Of course, John Adams mistook the importance of legality for that of rhetoric.  For as Posterity knows well, the Fourth Day of July 1776 became the National Day of the United States.  Although, the legal separation of the Colonies from Great Britain occurred on that Second Day when the Second Continental Congress voted to approve a resolution of independence behind closed doors.  Thereupon, Congress appointed a Committed of Five, headed by Thomas Jefferson, to articulate to the Public the reasons for the Congress's declaration.  The resultant document was the Declaration of Independence, which was made known to the Public on the Fourth of July 1776.  Concerning, however, the official signing of the aforementioned document, there has been a historical debate, culminating in 1884 when:

Mellen Chamberlain, the distinguished historian and Librarian of the Boston Public library, definitely established the fact that Adams, Franklin, and Jefferson had all been defective in their memory and that the Declaration positively had not been signed on July 4 ("The Authentication of the Engrossed Declaration of Independence on July 4, 1776", Wilfred J. Ritz).

Contradicting historical fact and legal truth, our Nation's holiday remains and shall continue to remain on the Fourth of July upon the foundation of political rhetoric.

Monday, June 10, 2013

The Chekhov Gun as the Red Herring


Archer's "Training Day" (14 January 2010)

Sterling Archer: Oh, my god! You killed a hooker!
Cyril Figgis: Call girl!
Sterling Archer: No, Cyril!
[Cyril: She was a call-]
Sterling Archer: When they're dead, they're just hookers. God, I said the cap on the poison pen slips off for no reason, didn't I?
Cyril Figgis: But I just assumed that if anything bad happened...
Sterling Archer: No, do not say the Chekhov gun, Cyril. That, sir, is a facile argument.
Woodhouse: And also woefully esoteric.
Sterling Archer: Woodhouse...
Woodhouse: Fetching a rug, sir.
Sterling Archer: Now he's fetching a rug. Happy, Cyril?
Cyril Figgis: No! No, I'm not happy!
Sterling Archer: Well, guess what? Me neither!
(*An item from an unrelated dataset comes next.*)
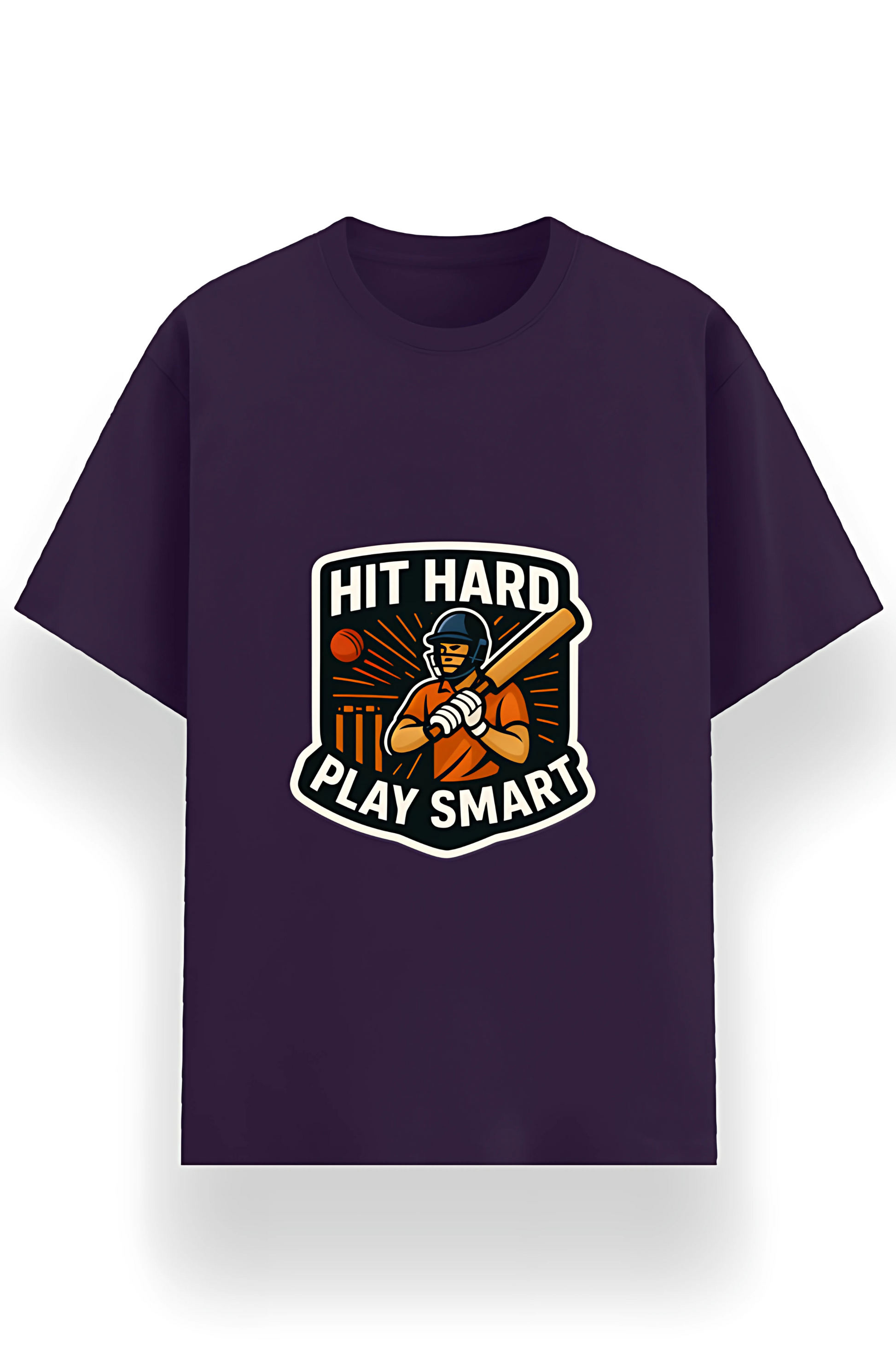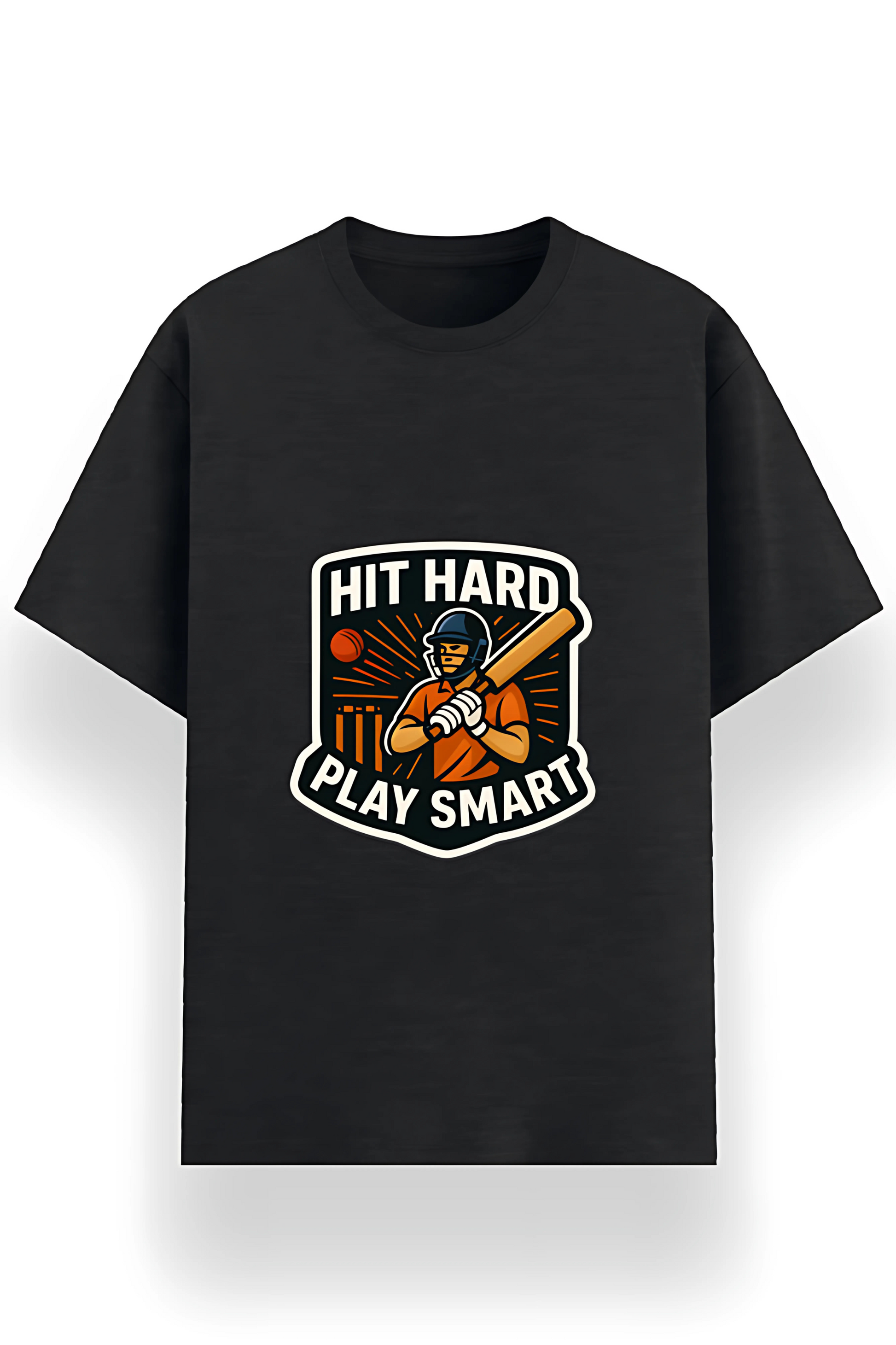 Hit Hard Play Smart Cricket Graphic Men’s T-Shirt – 180 GSM | Poly Cotton | Recycled Fabric | Unisex Fit

I mean, big picture, I wouldn't say I'm a happy person.
Woodhouse: Sir, I have fetched the rug.
Sterling Archer: Plus, now I'm out of a rug.

Why is the Chekhov gun both a "facile argument" and also "woefully esoteric"?

Anton Chekhov, the Russian dramaturge, outlined the principle of his eponymous gun on at least three occasions.

  • "One must not put a loaded rifle on the stage if no one is thinking of firing it."
  • "If in the first act you have hung a pistol on the wall, then in the following one it should be fired. Otherwise don't put it there."
  • "If you say in the first chapter that there is a rifle hanging on the wall, in the second or third chapter it absolutely must go off. If it's not going to be fired, it shouldn't be hanging there."

The Chekhov gun, however, does not kill the call-girl turned hooker, but we, the viewers, are misled by Archer's highly specific "hypothetical" situation explaining his need for an "underwear gun" (i.e. the Chekhov gun).  Thus, Archer has transformed the Chekhov gun into a red herring so as to be esoterically comical.

On Scholarly Insight


What is revealed by the philosopher blinds those unaccustomed to the sun's rays.  On the other hand, scholars' eyes tend to be old & feeble--or perhaps refined & refracted--and thus see specs of light at angles conducive to insight.

The rest...follow Oedipus to Colonus.